India blocks Facebook’s free internet scheme


India's telecoms regulator has blocked Facebook's Free Basics internet service today, saying the scheme violates net neutrality.

While not ruling explicitly on net neutrality, the Telecom Regulatory Authority of India (TRAI) decided not to allow what it called “discriminatory pricing” for different data platforms or content.

Facebook CEO Mark Zuckerberg initially launched the project to provide an "on ramp to the internet" for people in emerging markets, giving them access to things such as financial services and health information.

But the scheme has come consistently under fire from digital rights groups, with Facebook accused of violating net neutrality laws with a two-tiered internet service.

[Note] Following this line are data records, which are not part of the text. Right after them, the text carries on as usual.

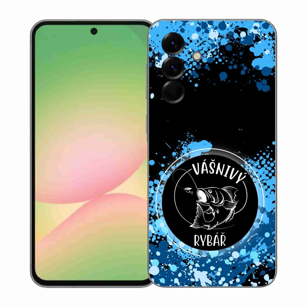 Pružný gelový obal mmCase s obrázkem na Samsung Galaxy A57 5G - vášnivý rybář černé pozadí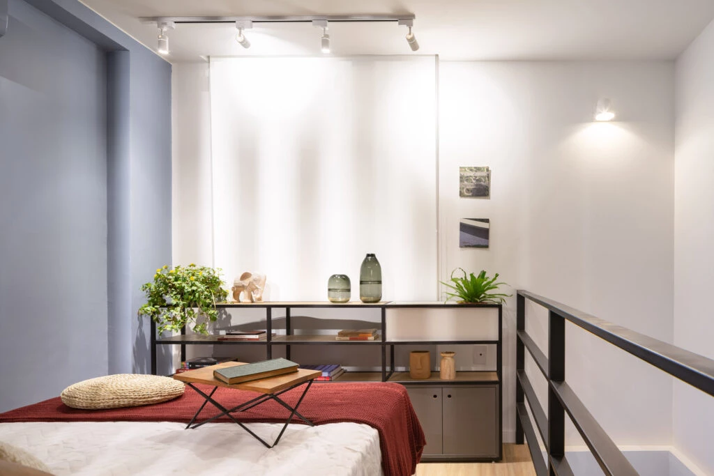 De esta forma, la planta superior, ahora con doble espacio, asigna la parte privada del departamento, con dormitorio, home office, closet y baño.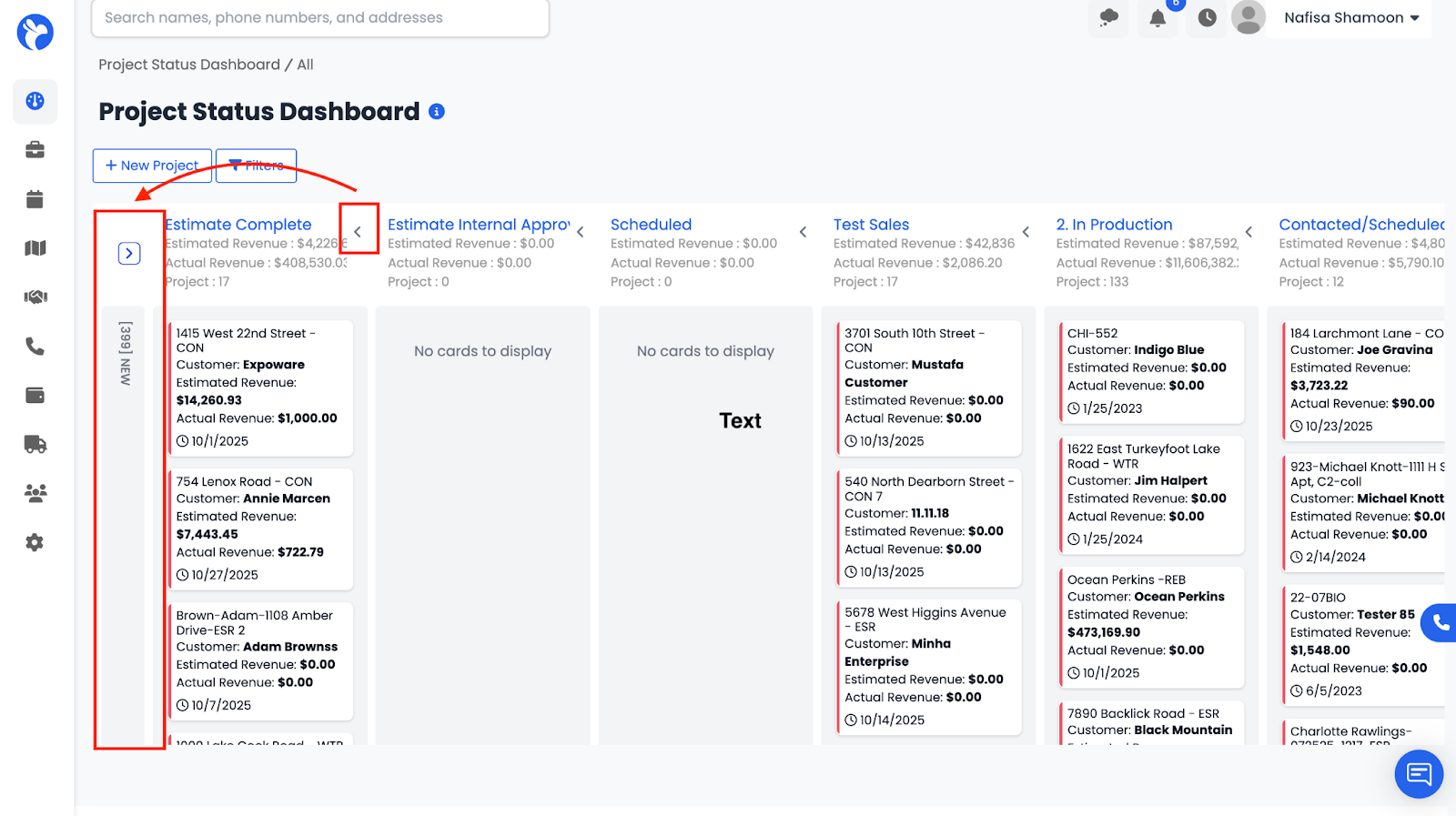 - Collapsed columns will display a summary count (e.g., “356 New Projects”, “22 In Production”).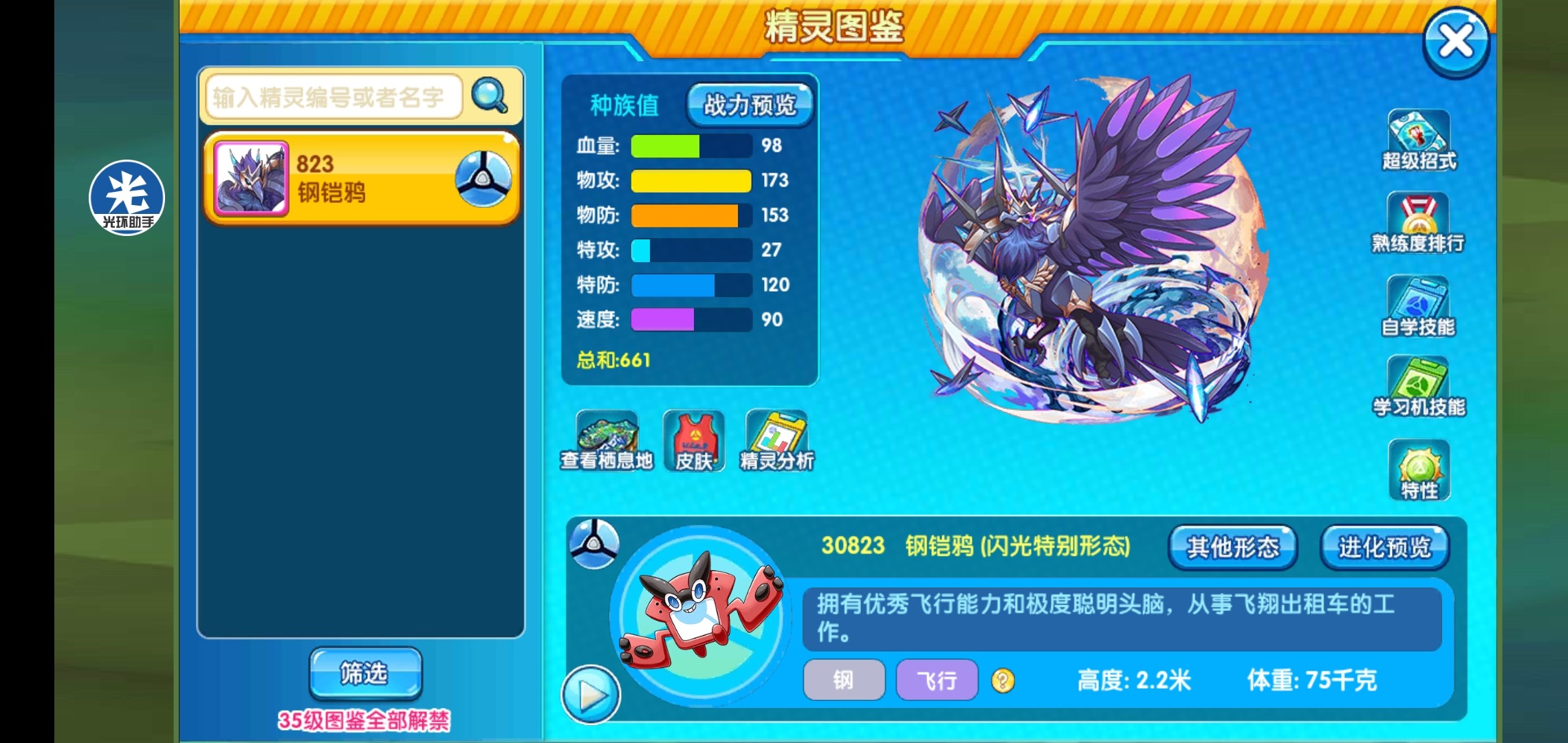 钢铠鸦是第八世代家门鸟,也被大家称之为历代以来最帅气的家门鸟,它还具有单独的超极巨化形态,可以让身上的钢铠得到强化,翅膀变得极为巨大。受超极巨化之力影响,覆盖在翅膀上的钢铠与本体分离,变为能够独立飞行的 “刃鸟”。而复刻中除了无极汰那,其他宠都没极巨化,但是凭借它强大的专属特性,依旧可以在PVP环境风生水起,关键它的价格还非常低。

Last month, 30 non-profit companies and net neutrality advocates in India wrote an open letter to Facebook, after TRAI paused the roll out of Free Basics.

The new ruling suggests that Free Basics, which was aimed primarily at people in poor rural areas, will not be allowed to continue in its current form.

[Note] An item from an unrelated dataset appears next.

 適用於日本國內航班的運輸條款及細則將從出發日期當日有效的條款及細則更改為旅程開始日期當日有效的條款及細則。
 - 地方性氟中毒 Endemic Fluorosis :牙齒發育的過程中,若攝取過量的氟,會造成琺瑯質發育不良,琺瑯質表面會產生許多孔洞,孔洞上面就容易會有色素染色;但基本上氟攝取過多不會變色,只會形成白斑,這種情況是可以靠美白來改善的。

“TRAI has today issued the ‘Prohibition of Discriminatory Tariffs for Data Services Regulations, 2016′ that disallow service providers to offer or charge discriminatory tariffs for data services on the basis of content being accessed by a consumer,” Sudhir Gupta, TRAI secretary, said in a statement.

“While formulating the regulations, the authority has largely been guided by the principles of net neutrality seeking to ensure that consumers get unhindered and non-discriminatory access to the internet,” Gupta said.

The policy may be reviewed every two years or sooner, TRAI said.